David Coleman was the commentator who created modern sports commentary. He covered football at every level, including ‘that save’ by Gordon Banks in the Mexico World Cup in 1970. He covered athletics at every level, pretty much every sport at the Rome Olympics in 1960 up to Sydney in 2000. He interviewed Prime Ministers and Royalty about their love of sport, he interviewed The Beatles. He was the sole presenter of the BBC’s coverage of the Munich Olympics massacre, with just one camera and almost nothing else to support him. He  pretty much invented ‘Final Score’, hosting Grandstand for more than 10 years, and the videprinter over which he presided was the bringer of joy or despair at the end of a Saturday afternoon.

His knowledge of sport seemed encyclopaedic, as he could cite form statistics, goalscorers, table positions, personal bests seemingly at will from memory. He had a genuine passion for sport. He made it immediate, exciting, and he was the forerunner for everyone who followed him. Steve Cram, a world champion athlete and eventual colleague in the BBC commentary box, has said that if David Coleman thought you ran well, that was better than your coach saying you ran well…

He was evidently quite demanding to work with, and not shy of offering his own opinions, as is evident in this tremendous clip from the 1962 World Cup match between Chile & Italy that Coleman dubbed ‘The Battle of Santiago’.
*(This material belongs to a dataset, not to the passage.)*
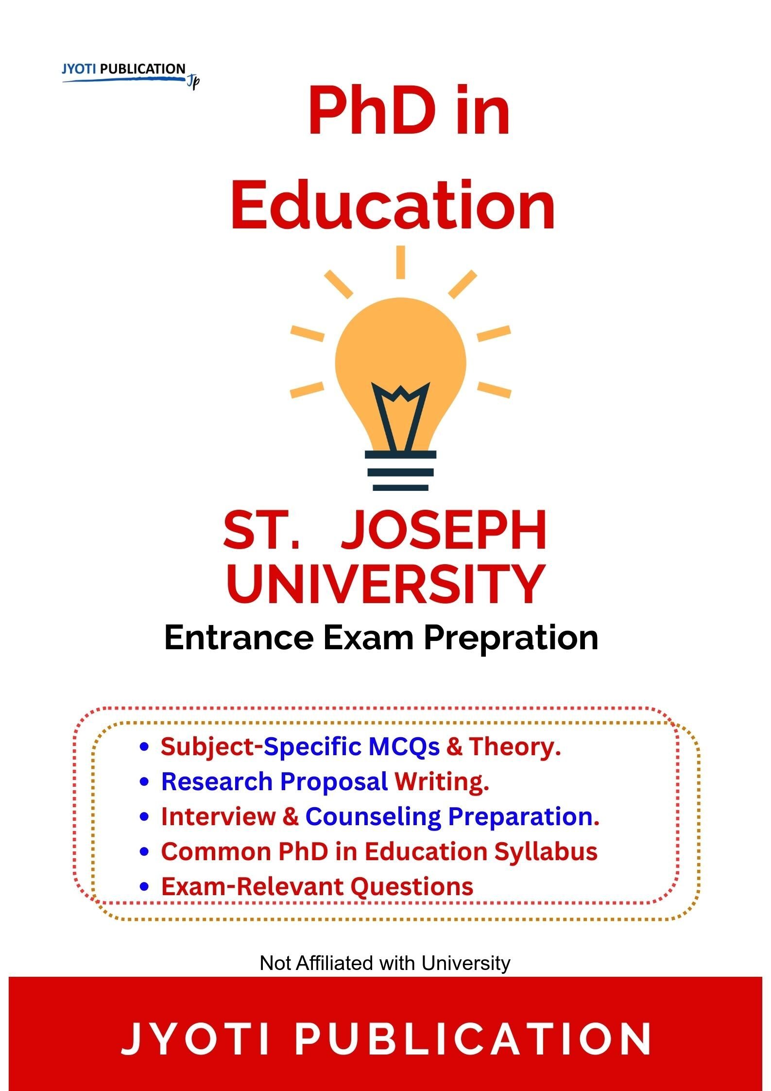 St. Joseph University PhD in Education Entrance Entrance Exam Preparation Guide is an independently developed study resource created to support aspirants preparing for the PhD in Education Entrance entrance examination conducted by St. Joseph University. The book is designed to help candidates understand concepts clearly, practise exam-oriented questions, and prepare in a structured and efficient manner.

My clearest and most evocative memories were of his commentaries of the ‘Golden Age’ of British middle-distance running, in the late 1970s and early 1980s. For one amazing summer in 1981 it seemed as though every time they set foot on a track, world records were broken. Coe set 5 world bests that year, while he and Ovett exchanged the World Mile Record three times in 10 days.

One of my favourite sports photos of all time – the final of the 1500m at the 1980 Moscow Olympics. Coe had lost the 800m to Ovett days before when he had been expected to win, but got his revenge here over a distance at which Ovett had seemed unbeatable.
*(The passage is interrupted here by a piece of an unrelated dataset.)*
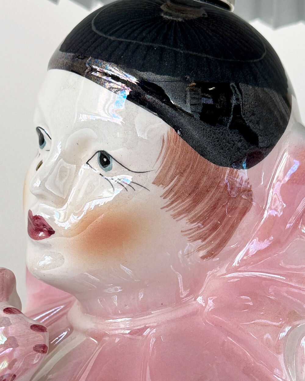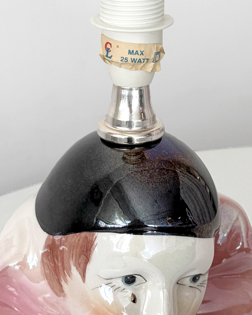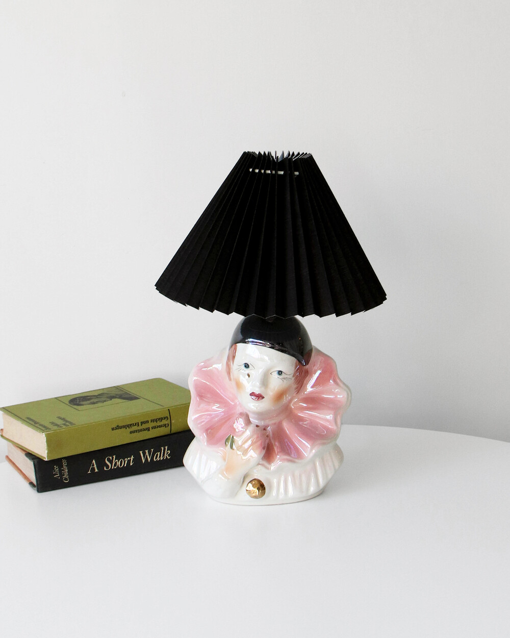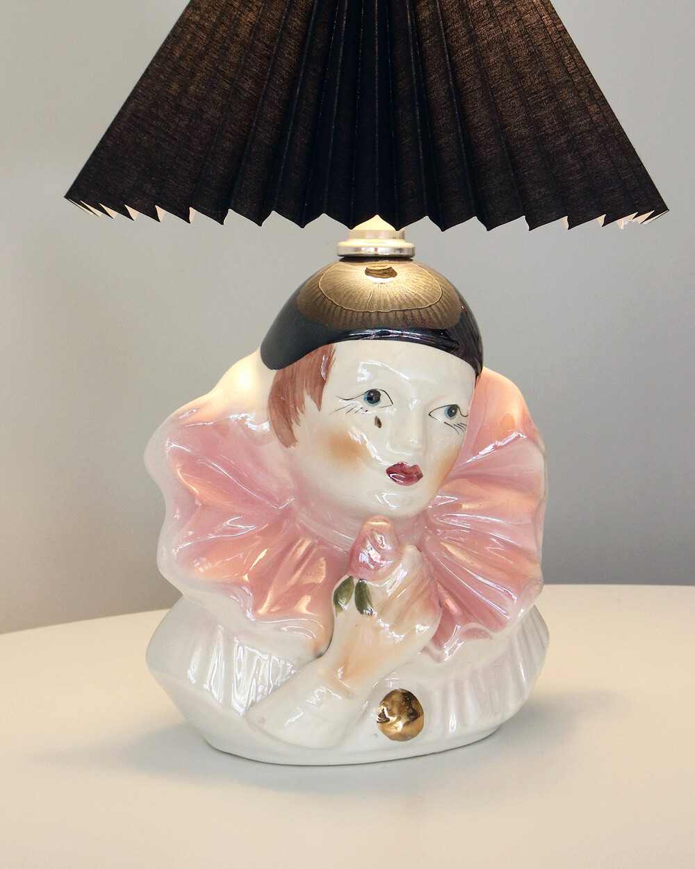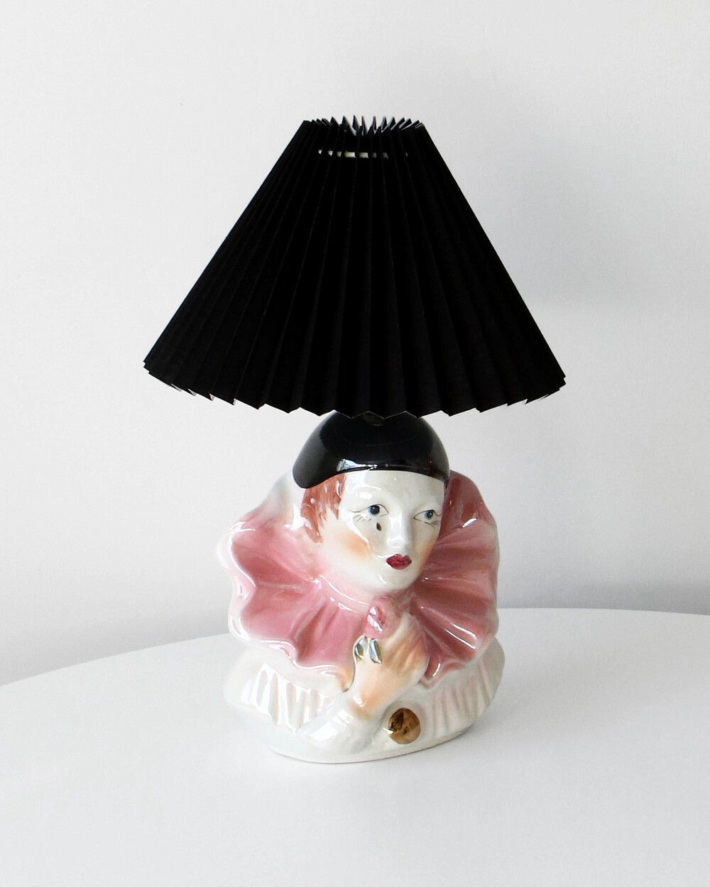 핑크 톤의 러플 칼라와 섬세하게 표현된 얼굴과 손 디테일, 골드 컬러 포인트가 어우러진 삐에로 테이블 조명입니다. 광택감이 뛰어난 세라믹 베이스와 블랙 플리츠 패브릭 셰이드가 대비를 이루며, 점등 시에는 빛이 부드럽게 퍼져 삐에로의 표정이 자연스럽게 드러납니다. 독일에서 제작된 1980년대 빈티지 조명으로, 공간에 위트를 더해줄 키치한 매력의 아트 오브제입니다.

This montage of clips features vintage Coleman…

While acknowledged as an inspiration to generations of athletes, viewers and commentators, David Coleman is also a legend for other reasons. His gaffes (perhaps cruelly) became known by Private Eye magazine as Colemanballs. He is at least partly the inspiration for this wonderful comic character of Alan Partridge, whose first incarnation was as a hapless and hopeless sports reporter (quite unlike Coleman’s excellent journalistic pedigree)…

David Coleman retired 10 years ago, but his commentary – passionate, informed, involved and immediate – stands the test of time.